[Task prompt]
Each record below needs to be reproduced precisely, though not its pictures.

[Input data]
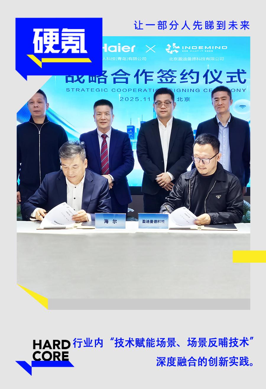 2025年11月19日,海尔机器人与北京盈迪曼德科技有限公司(以下简称INDEMIND)在北京正式签署战略合作协议,共同推动具身机器人在家庭场景的落地与应用。海尔智家机器人产业总经理丁来国、INDEMIND创始人于飞及双方核心成员共同出席了签约仪式。
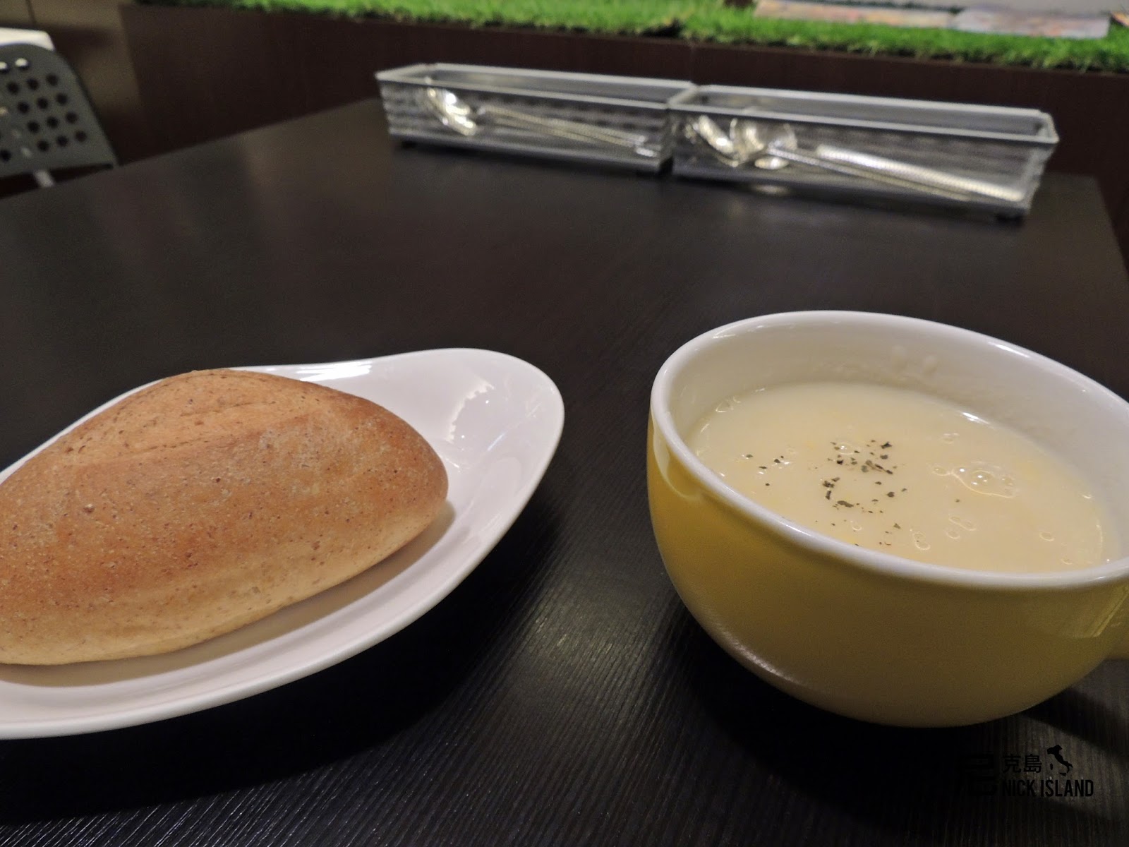 升級套餐附贈的麵包及濃湯,麵包是現烤的法國鬆軟麵包,嚼起來香氣十足,麵包搭配玉米濃湯非常美味。
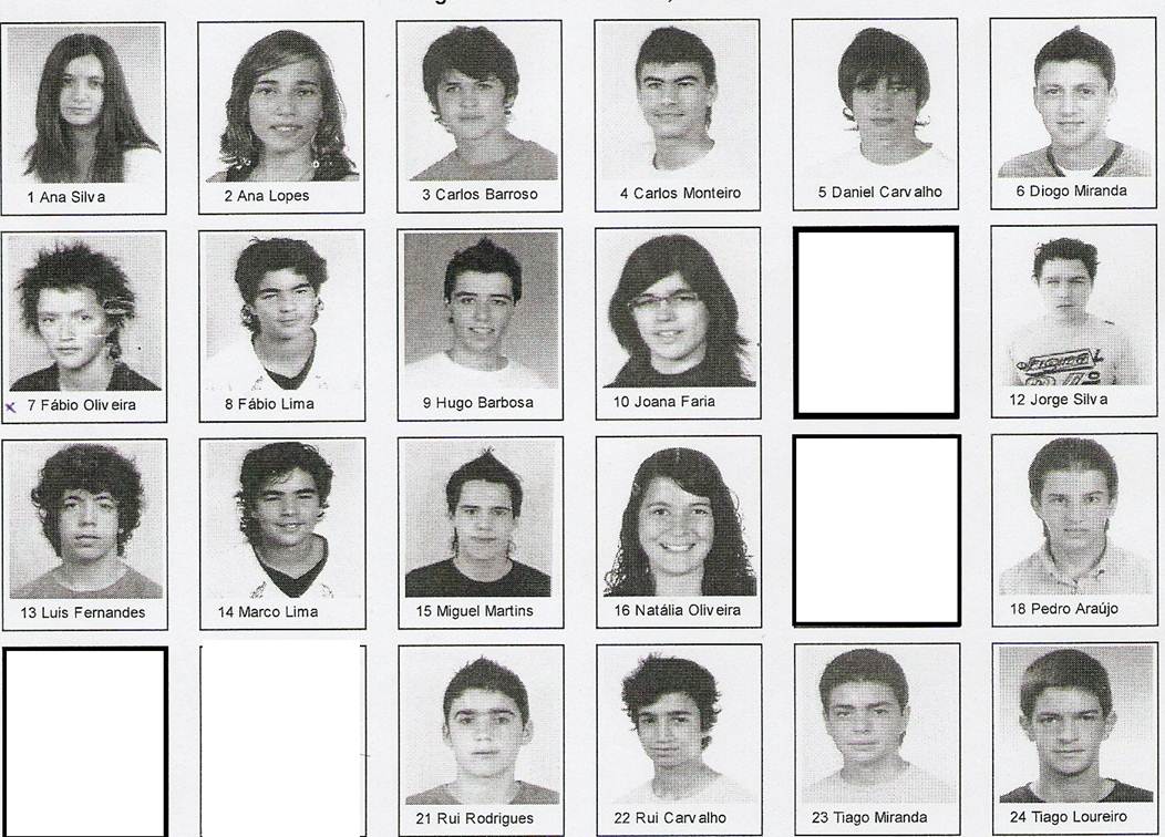 A turma é composta por 20 alunos, divididos em 16 elementos do sexo masculino e 4 do sexo feminino.
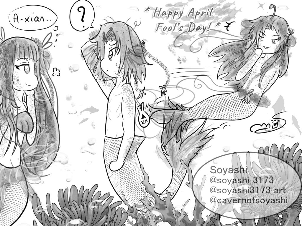 (1/2) 🐠Happy April Fool's Day! 🐟 I just came on time and express... so he's neither on time nor late lolx'DDDD 🐟 🐟 🐟 🐟 🐟 🐟 #modaozushi #modaozushifanart #Mdzs #mdzsfanart #fanart #weiwuxian #weiying #merman #mermaid #UA #fish #yùxian #魔道祖师 #魔道祖师fanart #yucheng
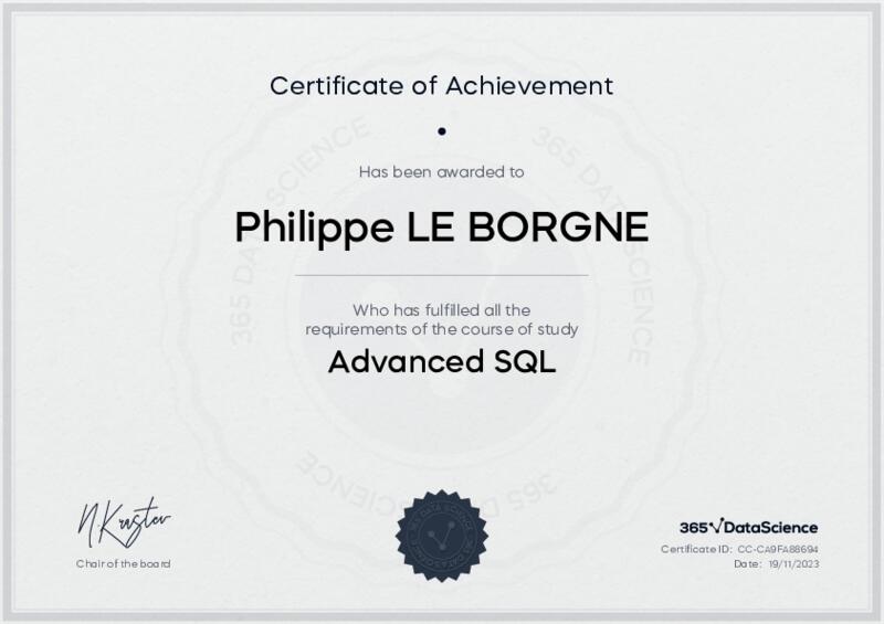 This user has been awarded the Advanced SQL Certificate for successfully completing the course exam. Holding this certificate demonstrates their proficiency on the topic and signifies they are qualified to apply their newly acquired expertise in the fields of data analytics and data science.
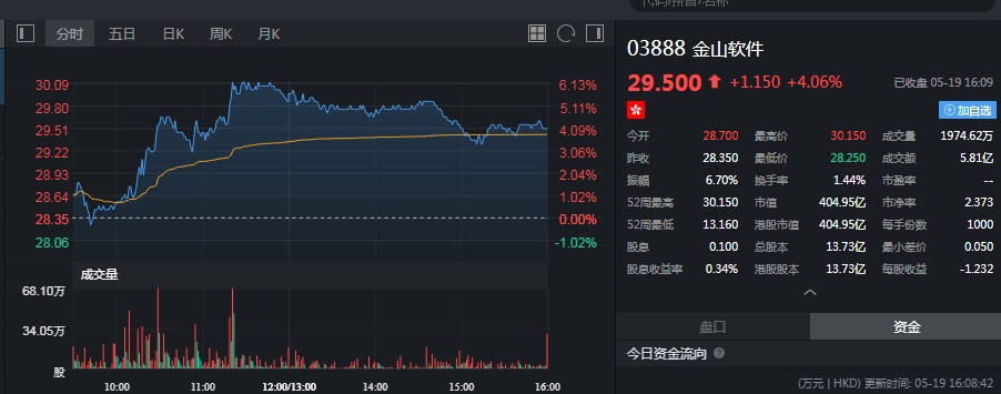 截至今日收盘,金山软件涨4.06%,报29.50港元。
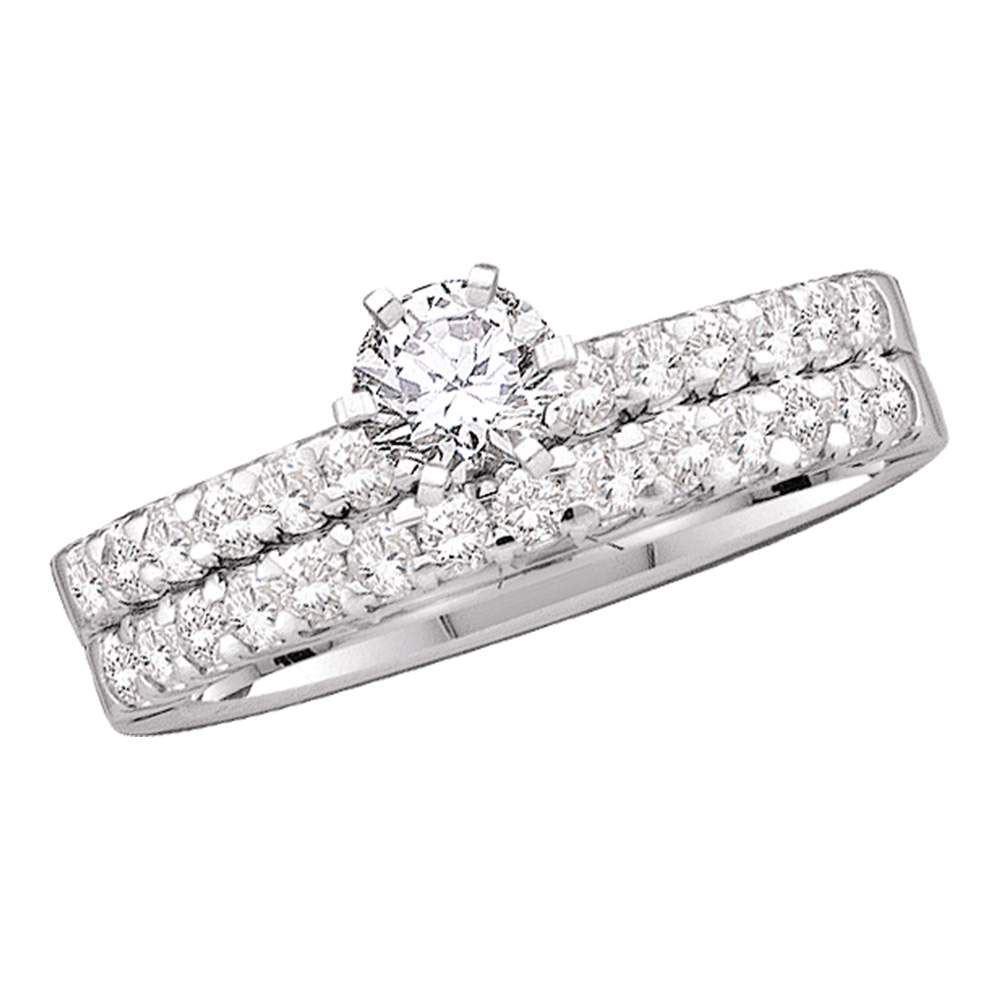 14kt White Gold Womens Round Diamond Solitaire Bridal Wedding Engagement Ring Band Set 7/8 Cttw
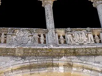 El arco soporta una hermosa y aireada galería de columnas jónicas sin estrías con cuatro vanos, cuyos dinteles se sustentan sobre sendas artísticas y robustas zapatas de doble ménsula de piedra en los capiteles, decoradas con rosas.[5]Los balaustres aparecen ensogados, y en los dos centrales dos niños y dos niñas tenantes con cartelas muestran las armas de los linajes ya señalados.
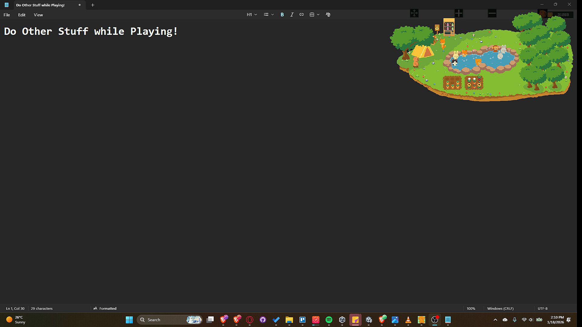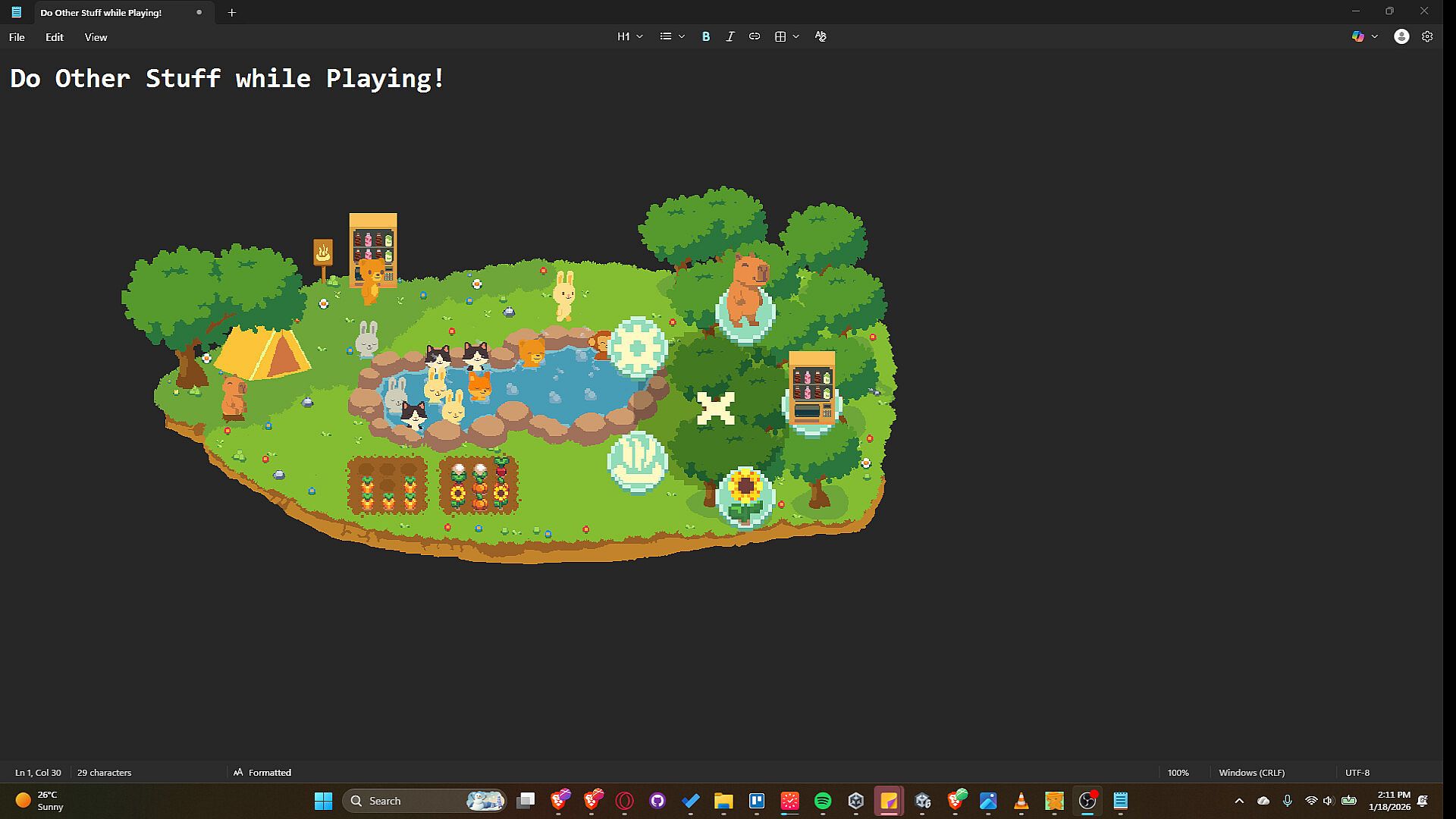 -Designed as a gentle desktop companion, Capy’s Hot Springs Haven stays quietly on your screen as a tiny floating island. Animals continue to visit, relax, and support your progress while you work, study, or unwind, letting you enjoy the cozy atmosphere without constant attention.

[Completed task]
 2025年11月19日,海尔机器人与北京盈迪曼德科技有限公司(以下简称INDEMIND)在北京正式签署战略合作协议,共同推动具身机器人在家庭场景的落地与应用。海尔智家机器人产业总经理丁来国、INDEMIND创始人于飞及双方核心成员共同出席了签约仪式。
 升級套餐附贈的麵包及濃湯,麵包是現烤的法國鬆軟麵包,嚼起來香氣十足,麵包搭配玉米濃湯非常美味。
 A turma é composta por 20 alunos, divididos em 16 elementos do sexo masculino e 4 do sexo feminino.
 (1/2) 🐠Happy April Fool's Day! 🐟 I just came on time and express... so he's neither on time nor late lolx'DDDD 🐟 🐟 🐟 🐟 🐟 🐟 #modaozushi #modaozushifanart #Mdzs #mdzsfanart #fanart #weiwuxian #weiying #merman #mermaid #UA #fish #yùxian #魔道祖师 #魔道祖师fanart #yucheng
 This user has been awarded the Advanced SQL Certificate for successfully completing the course exam. Holding this certificate demonstrates their proficiency on the topic and signifies they are qualified to apply their newly acquired expertise in the fields of data analytics and data science.
 截至今日收盘,金山软件涨4.06%,报29.50港元。
 14kt White Gold Womens Round Diamond Solitaire Bridal Wedding Engagement Ring Band Set 7/8 Cttw
 El arco soporta una hermosa y aireada galería de columnas jónicas sin estrías con cuatro vanos, cuyos dinteles se sustentan sobre sendas artísticas y robustas zapatas de doble ménsula de piedra en los capiteles, decoradas con rosas.[5]Los balaustres aparecen ensogados, y en los dos centrales dos niños y dos niñas tenantes con cartelas muestran las armas de los linajes ya señalados.
 -Designed as a gentle desktop companion, Capy’s Hot Springs Haven stays quietly on your screen as a tiny floating island. Animals continue to visit, relax, and support your progress while you work, study, or unwind, letting you enjoy the cozy atmosphere without constant attention.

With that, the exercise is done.